The number of delegations has been increasing over the years. City of Amsterdam staff became so inundated with questions and requests for leading delegations that they hired an outside agency to at least partly relieve them of this responsibility. Not included in the previously mentioned 150 delegations, many different companies, agencies and individuals, based in Amsterdam, in other Dutch cities, and even abroad, offer their services as guides for these groups, as well as their professional technical expertise in the future.
Knowledge gaps
Currently, very little is known about these education services, the curators or teachers, their backgrounds, the content they choose to discuss, the experiences or “lesson plans” they curate, or the ways in which they engage their learners or facilitate group learning and dynamics. Since exact and complete records of delegations are lacking, very little is known about each delegation – their motivations, backgrounds, roles and (power) relations within the groups. Very little is known about this micro-industry, its craft, leaders, economic value, the impact on participants or cities they represent.
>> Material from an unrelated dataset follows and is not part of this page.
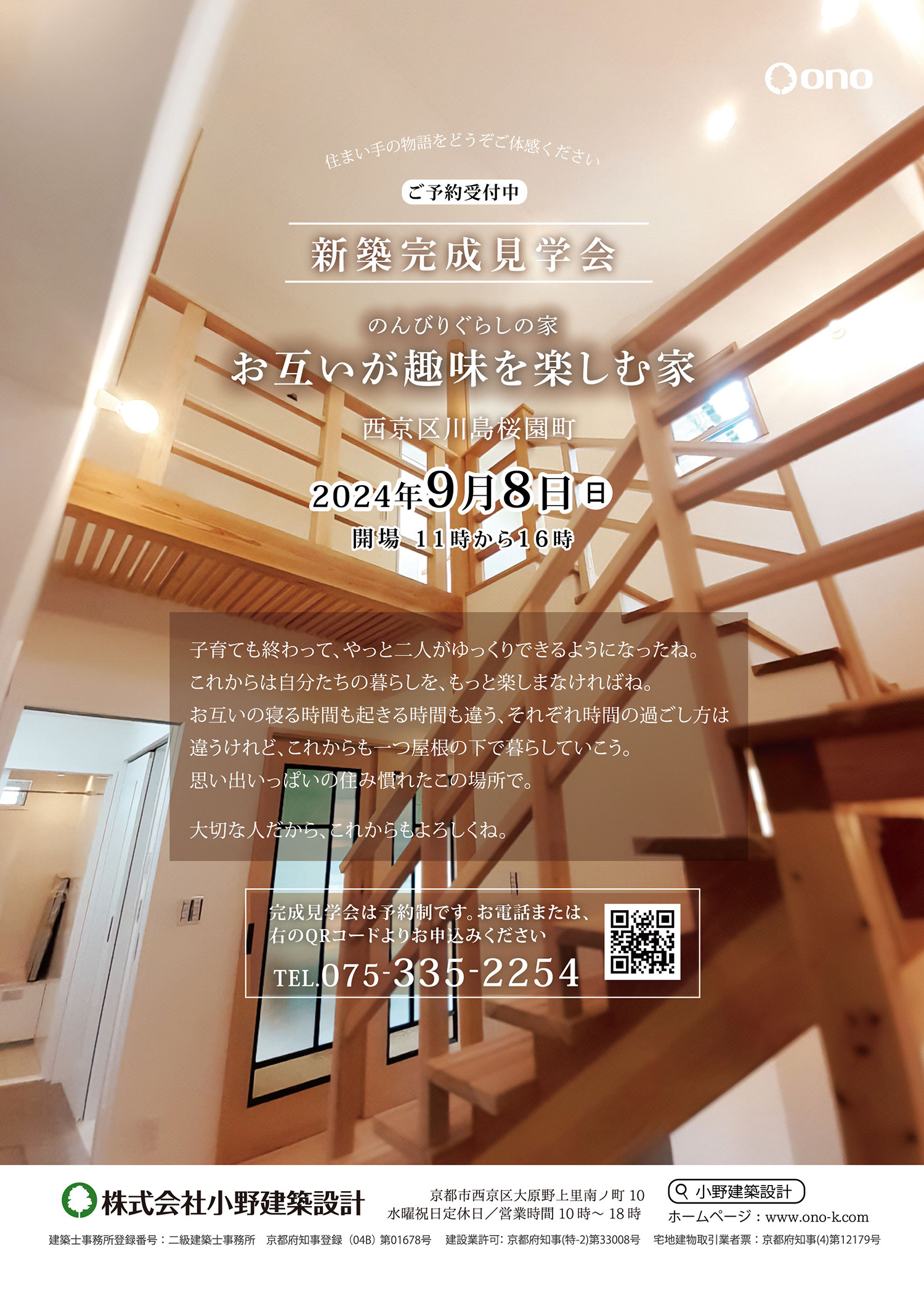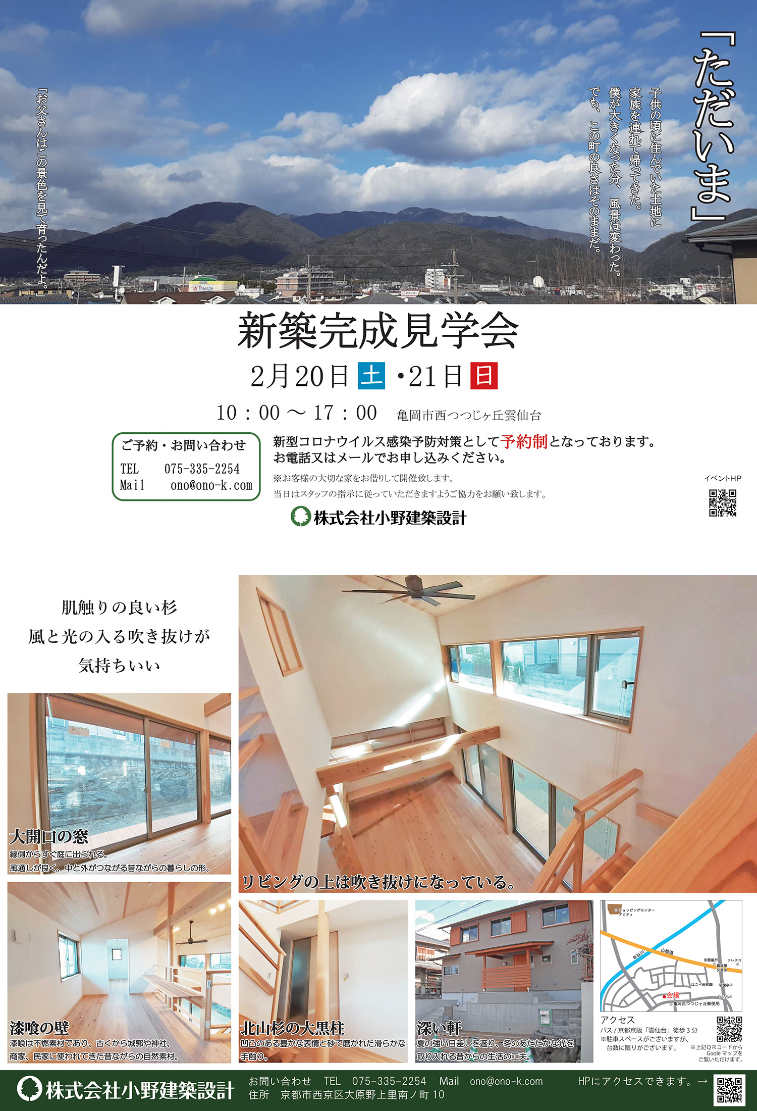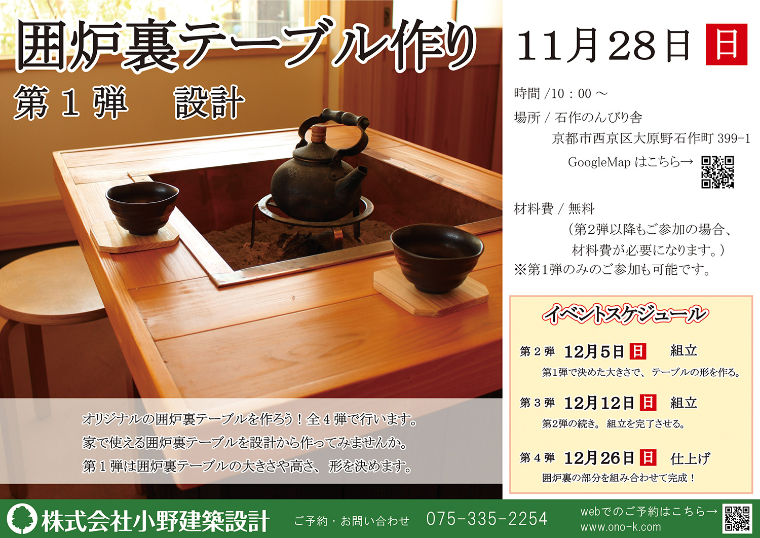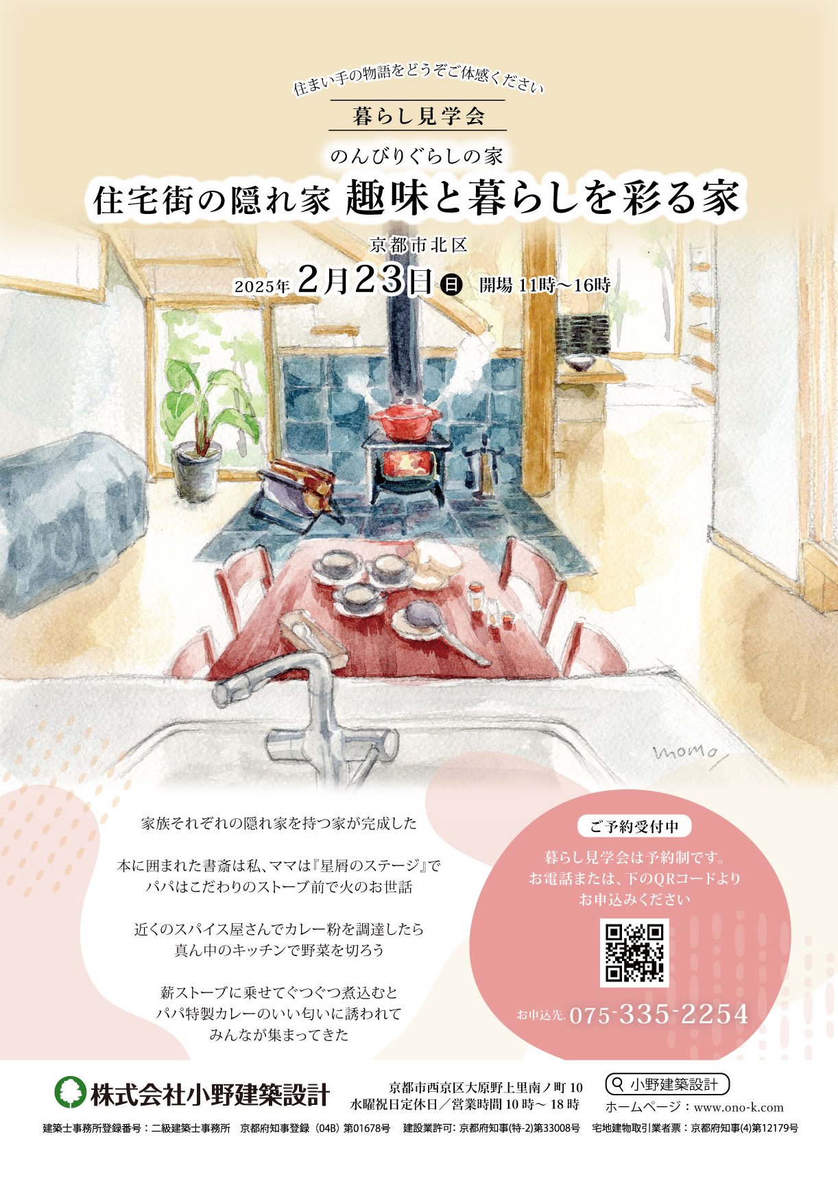 時間:第1部 10:00〜11:30「土地・資金計画と準備」、第2部 13:00〜14:30「小野建築設計の家づくり」

There are plenty of stories from a variety of sources that these trips are influencing some degree of change; however, empirical evidence is lacking. Since the teaching-learning process is not linear, and in this case crucially involves a tertiary component – the urban-ecosystem of Amsterdam – the disassembling, reassembling and patterns of interaction are difficult to capture and analyse. Little is known about what these groups (individually and collectively) learn from their experiences or how group composition and dynamics influence learning, cooperation and knowledge generation. Finally, little is known about how their experience impacts later decisions or agency, innovations in project delivery, relations with others on the study tour, or personal behaviors.
Amsterdam’s opportunity
Some say that learning by doing is the best way to learn. In the case of urban cycling, it is certainly a popular way to learn. Of course other cities and their leaders want to learn from Amsterdam. And Amsterdam is ready and willing to serve. However, Amsterdam’s urban cycling story is one that has matured over the last 100 years. As any century-old relationship, Amsterdam’s history with the bicycle is one fraught with complexity and nuance. Disassembling that story into a series of readily digestible, clear-cut components for a variety of audiences must be a challenging craft. The “teacher” must make tough editing decisions for content, curation, and delivery. And on the other side, learning this story also seems to have other unique challenges, namely trying to understand how the Amsterdam story can relate to them, their family, colleagues, profession, their city, their culture.
My research aims to unpack these challenges, to use the theories set forth in education, anthropology, and policy mobilities and to unravel the implications for policy transfer and policy learning. What an opportunity Amsterdam has at its fingertips right now! It only makes sense to enhance our understanding, our awareness and to make the most of its unique position.
Meredith Glaser
Meredith Glaser is PhD Researcher within the Centre of Urban Studies and the Department of Geography, Planning and International Development Studies at the University of Amsterdam. She is embedded within the Urban Cycling Institute studying international policy transfer and learning of cycling practices from the Netherlands to other contexts. Her research is supervised by Drs. Marco te Brömmelstroet and Luca Bertolini.